The Readiness of Enterprises for AI Adoption (30m6s)
- There is a concern that the adoption of generative AI solutions in Europe may be overestimated in the near future but underestimated in the long term.
- Enterprises in Europe are slower to adopt new technologies compared to the US, but there is some executive support for pushing generative AI solutions.
- The challenge for enterprises is to identify specific AI applications that can bring value to their business and prioritize those.
- Generative AI is moving into core budgets for customer support but is still in the experimental stage for other functions and core applications in industries like telecom and healthcare.
- Mistral is focusing on providing best-of-class models that can solve specific use cases rather than competing solely on compute power.
- The biggest barriers to scaling generative AI models include delays with compute providers and the need to hire and train specialized AI scientists.
- Arthur Mensch discusses the concept of open vs. closed positions in business and who wins in each scenario.
European vs.

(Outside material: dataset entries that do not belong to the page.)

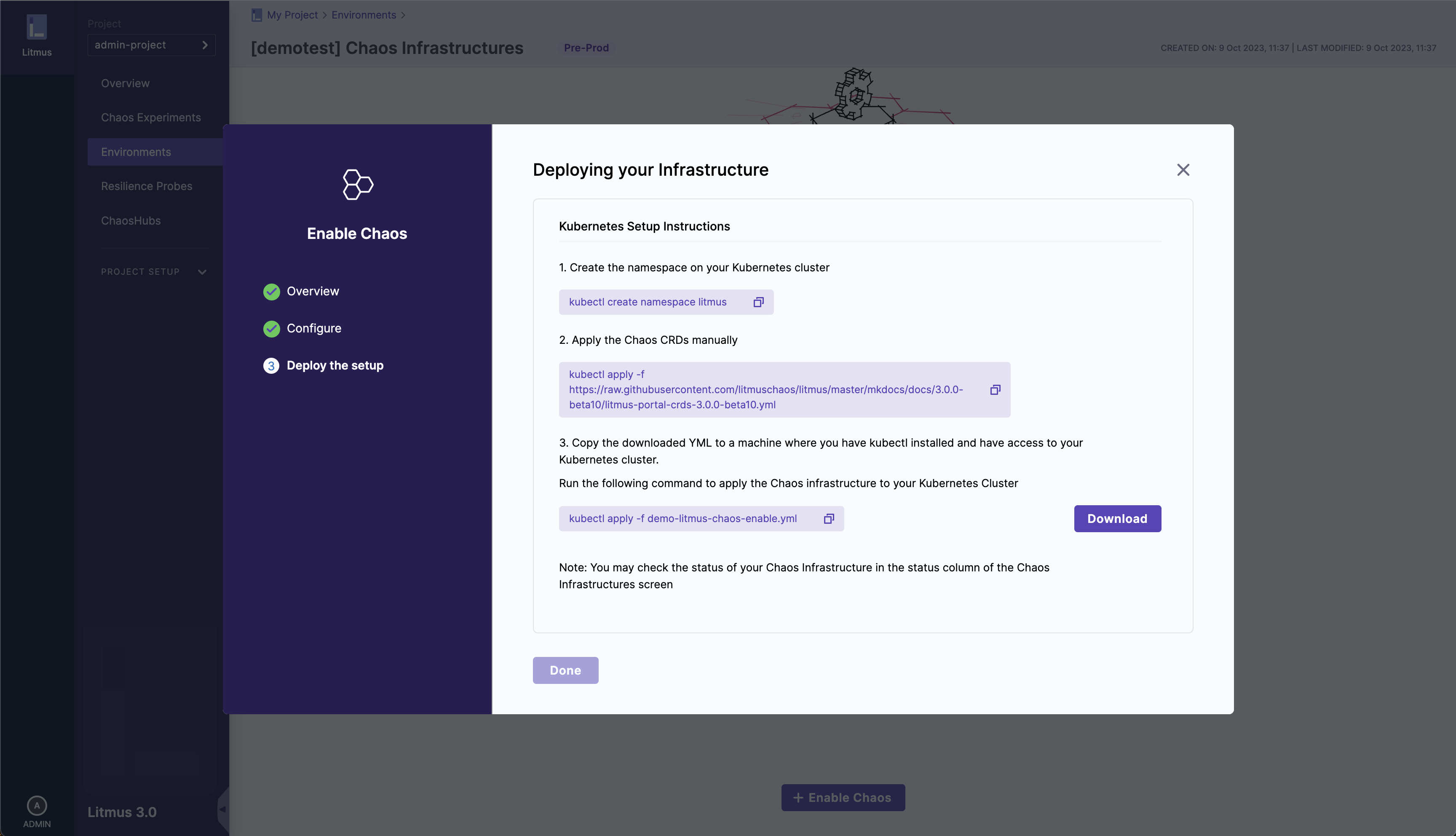 kubectlcommand to apply the chaos CRDs. - Select Download, and then copy and run the third command to install the chaos infrastructure.
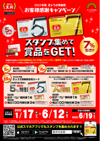 「餃子の王将」を運営する株式会社王将フードサービス(京都市山科区/代表取締役社長 渡邊 直人)は、2022年1月17日より、スタンプを集めて各種割引券やお会計が割引になる会員カードがもらえる「2022年版ぎょうざ倶楽部 お客様感謝キャンペーン」を実施します。
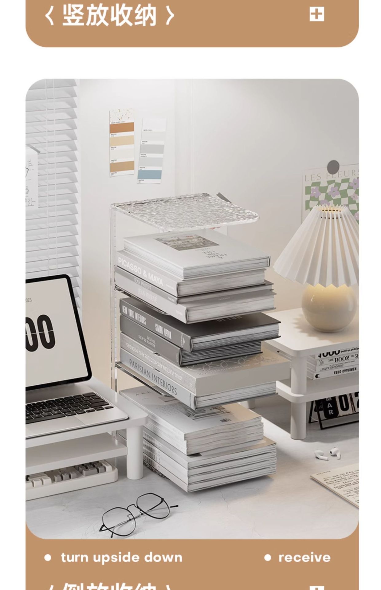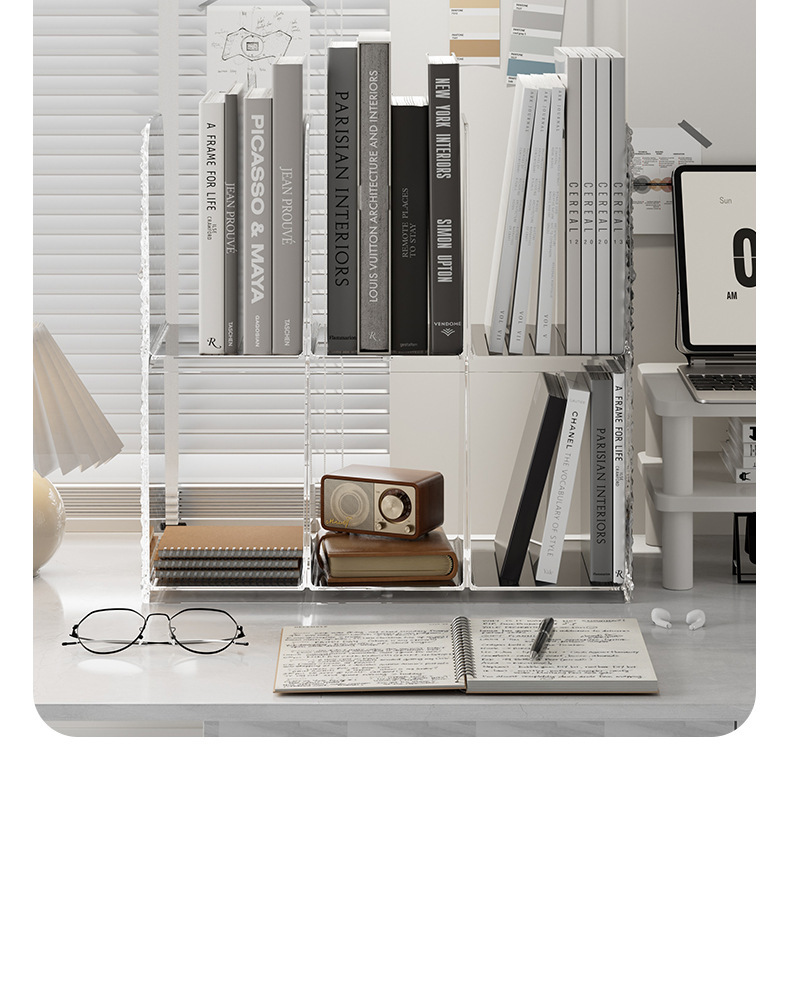 데스크탑 스토리지 랙 투명한 책 스탠드 데스크 아크릴 문서 책장 사무실 학생 책 보관 선반

US Investors (34m57s)
- Arthur Mensch, CEO of Hugging Face, discusses the challenges and opportunities for European AI companies.
- Mensch emphasizes the importance of founders maintaining control of their companies, especially in the rapidly changing field of AI.
- Europe has the potential to become a major player in AI due to its talent, capital, and market opportunities.
- However, Europe lacks a strong VC system and relies heavily on US funding.
- Mensch is optimistic about the future of AI in Europe and believes that the region can build a strong ecosystem and compete with the US over time.
- Hugging Face has a team in the US to access specialized AI talent, particularly senior AI scientists.
- France, Poland, and the UK have a wealth of AI talent, which is a strength for the region.
Does the Source of Funding Matter for Scaling Constraints? (40m18s)
- European growth funds lag behind US growth funds due to political decisions, capital supply, and the belief in a competitive European ecosystem.
- Scaling a company quickly presents organizational challenges, including communication, time management, and maintaining team stability.
- Product development should be prioritized before go-to-market development.
- Startups require ongoing fundraising to support scaling and staying relevant, with a focus on research and development.
- Competitors in the landscape, such as Cohere, OpenAI, Entropic, and Google, are respected for their work towards similar goals.
- Starting a new foundation layer business is not recommended due to the risk of new competitors emerging and surpassing existing ones.
Quick-Fire Round (46m45s)
- Arthur Mensch's biggest concern is global warming and believes AI can be part of the solution.
- He has changed his mind on management premises, finding transparent feedback to be very useful for company growth.
- The most unexpectedly challenging element in scaling Mistral was the high demand and unexpected brand success.
- To calm down, Arthur runs and cycles, and tries to take care of his daughter.
- As a new father, he realized the amount of energy needed to care for a small child.
- AI is changing the way people work, requiring more creativity and value beyond what can be automated.
- This structural change in the job market necessitates adaptation in training and education.
- Mensch believes fears of job replacement by AI are exaggerated, as some jobs will be displaced while new ones open up.
- The speed of society's elevation toward higher abstraction levels is unmatched in history, making adaptation more challenging.
- In 10 years, Mensch envisions Mistral with successful commercial and open-source models, along with a strong developer platform for creating AI applications.